Let P(x) be a real separable polynomial, and let P_{0}(x)=P(x), P_{1}(x)=P'(x), ... be its Sturm chain and N(x) be the number of sign changes in the chain at point x. To prove that the number of roots in an interval [a,b] with P(a),P(b)≠0 is N(a)-N(b), we need to show that N(x) is constant except at roots of P, and that it decreases by one at each root.

**Lemma.** For any t, the Sturm chain cannot have two consecutive zeroes at t.

**Proof.**
We prove by induction on i that P_{i-1}(t) and P_{i}(t) cannot both be zero.

- For i=1:
- P
_{0}(x)=P(x) and P_{1}(x)=P'(x). By our assumption that P(x) is separable (see Noether's writeup there), P(x) and P'(x) have no common factor. In particular, if P(t)=P'(t)=0 then x-t is a common factor (and therefore t is a root with multiplicity >1 and P(x) is not separable). Thus P_{0}(t) and P_{1}(t) cannot both be 0.
- For i>1:
- Suppose we had P
_{i}(t)=P_{i+1}(t)=0. We know that
P_{i-1}(x) = q(x)⋅P_{i}(x) - P_{i+1}(x), (*)

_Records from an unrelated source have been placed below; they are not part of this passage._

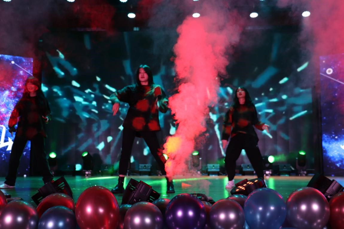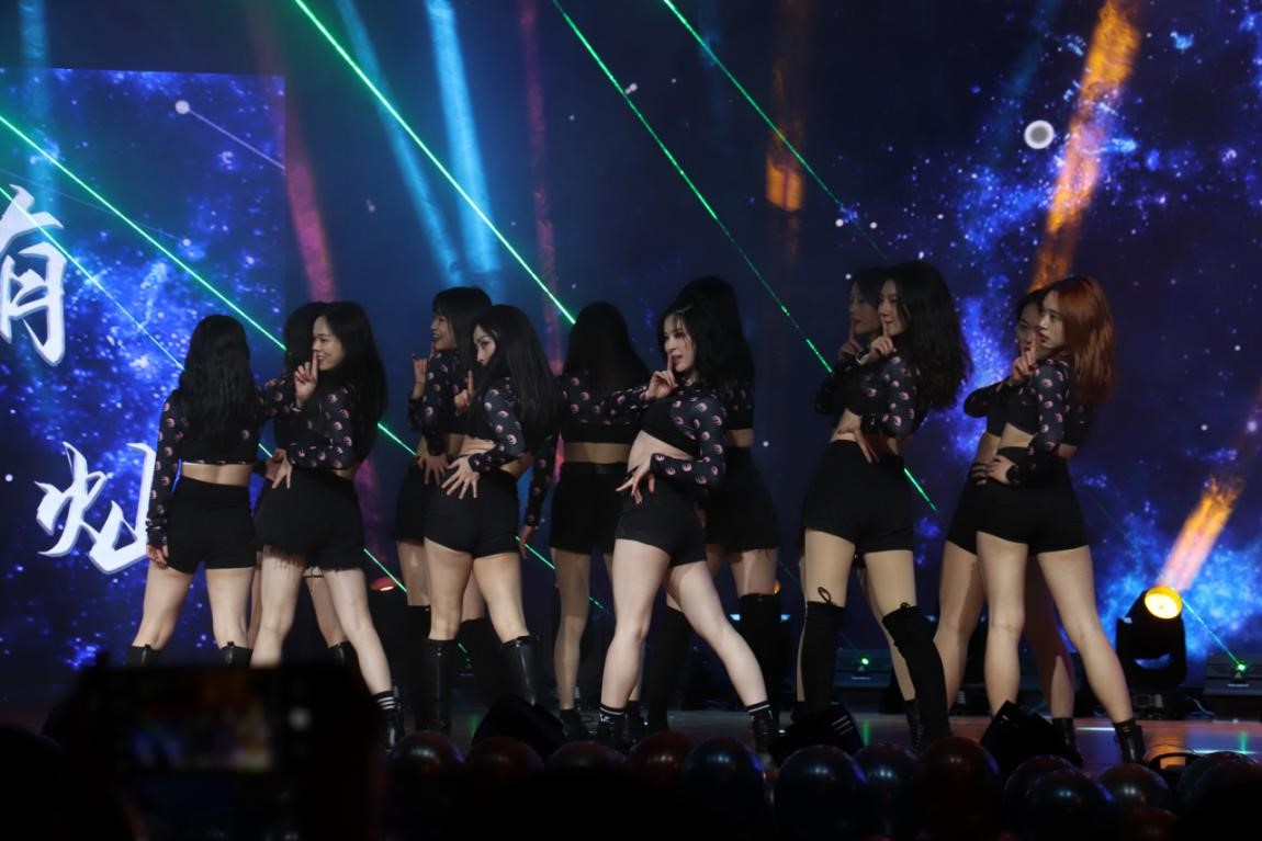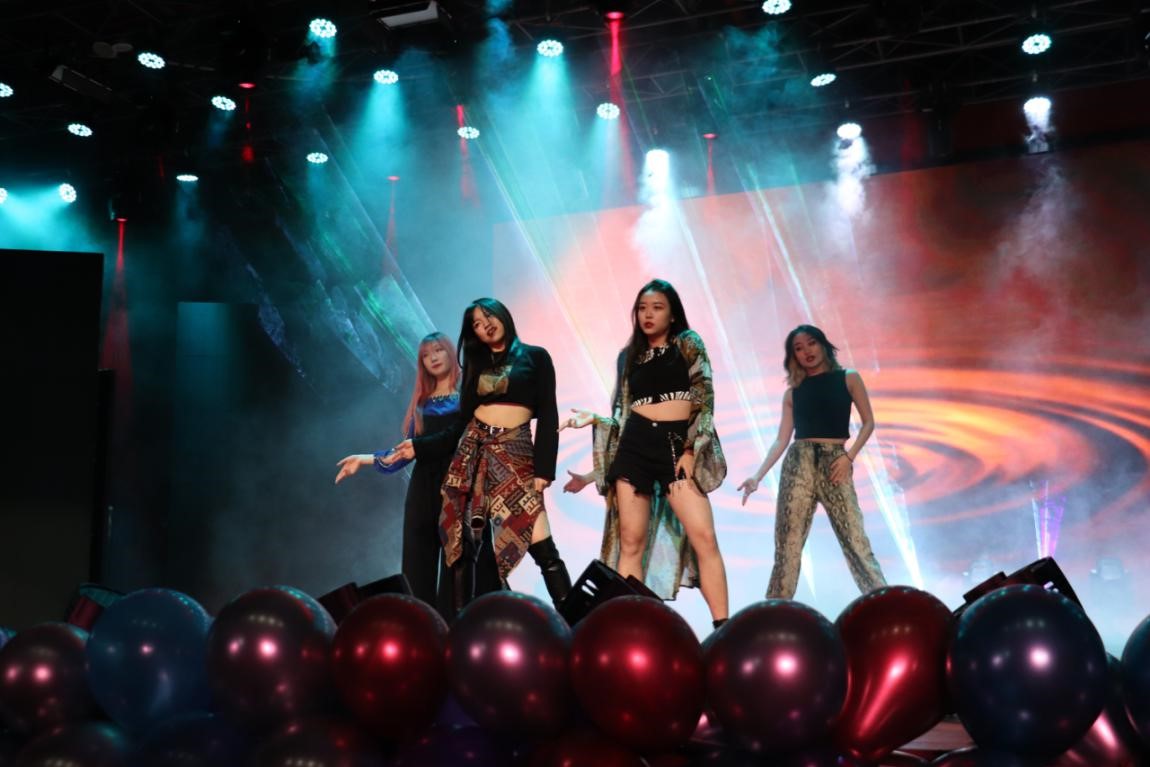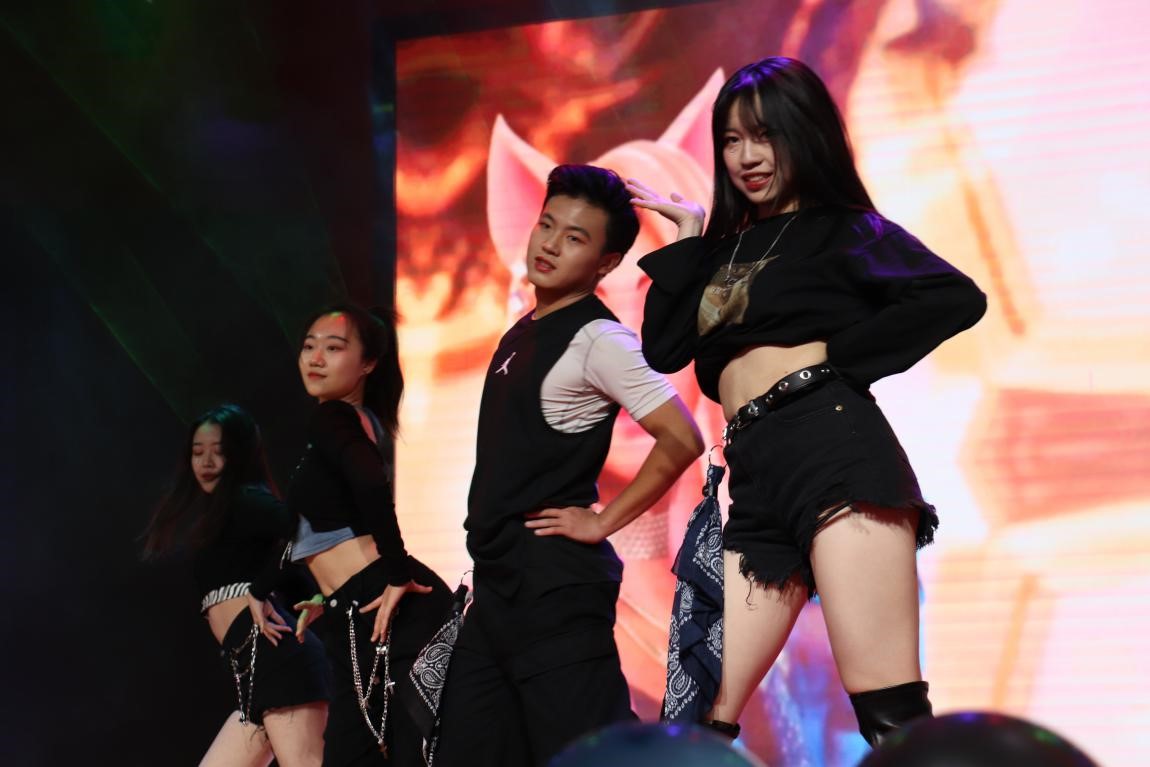第四个节目是由统计2020-02班和太阳集团tcy8722女团共同带来的女团舞串烧《AYA,The Baddest》,他们曼妙的舞姿和独特的风情燃起了青春之火,引起场下同学们的阵阵欢呼。
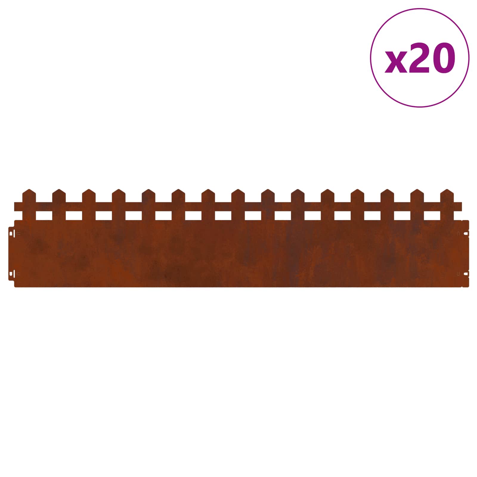 vidaXL Obrubníky trávnika 20 pcs Hrdzavý 103 x 0,05 x 22 cm vidaXL Obrubníky trávnika 20 pcs Hrdzavý 103 x 0,05 x 22 cm
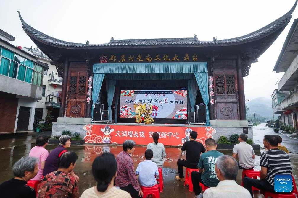 Artists from a local folk troupe of Wu Opera perform on the stage in Zhengdian Village of Lipu Town, Jinhua City, east China's Zhejiang Province on June 25, 2024. (Xinhua/Xu Yu)
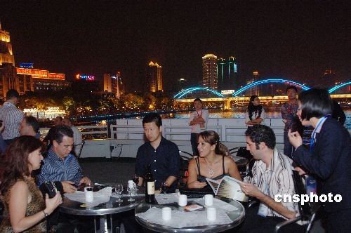 正在廣州舉行的廣州家具博覽會組委會,3月18日晚在“ 珠江夜游”的游艇上舉行了“全球買家之夜”聯(lián)誼活動,近年,“珠江夜游”已成為廣州旅游熱線,不少商家和機構都將聯(lián)誼及商務活動安排在游艇上舉辦,令客人在欣賞珠江兩岸夜景之時亦可增進相互之間的友誼。中新社發(fā) 梁永強 攝
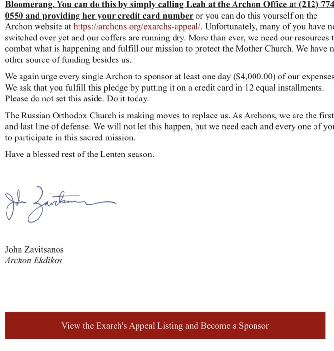E-mail rozeslaný v pondělí ráno, který byl šířen interně a podepsán John Zavitsanos z archontů Ekumenický patriarchát, uvádí, že:

so then P_{i-1}(t)=0 too, contrary to the induction hypothesis.

To prove the theorem, imagine a left to right sweep of the real number line. Polynomials are continuous functions, so clearly N(x) cannot change except when passing through a root of one of the P_{i}(x)'s. We need to show it decreases by 1 for a root of P_{0}(x), and stays constant for a root of P_{i}(x), i>0.

When P(a)=P_{0}(a)=0:
If P(x) switches from being positive to being negative when passing through a, then it is (locally) decreasing there, and P'(x)<0 in the neighborhood of a (recall that -- by our lemma -- P'(a)≠0). Thus, the chain of signs switches from "+-..." to "--..." when passing through a, so N decreases by 1.
If P(x) switches from being negative to being positive at a, then it is (locally) increasing there, and P'(x)>0 near a. This time the sign of the chain switches from "-+..." to "++...", and again N decreases by 1 when passing through a.

The value of N *at* a itself is of no interest, as the theorem specifically does not apply there when one of the endpoints is a root.

When P_{i}(a)=0, i>0:
From (*) we have that
P_{i-1}(a) = 0 - P_{i+1}(a),

and from the lemma we know that P_{i-1}(a), P_{i+1}(a) ≠ 0. So, passing through a, the chain of signs either switches from "...++-..." to "...+--...", or from "...+--..." to "...++-...", or from "...-++..." to "...--+...", or from "...--+..." to "...-++". Each of these patterns of signs contributes exactly one sign change. So the total number of sign changes remains the same, passing through a.
Even *at* a, the pattern of signs is "...-0+..." or "...+0-...", and contributes one sign change. So N(x) is constant in the neighborhood of a.

That's it! A little mixture of real analysis and algebra, and Sturm's theorem is proved.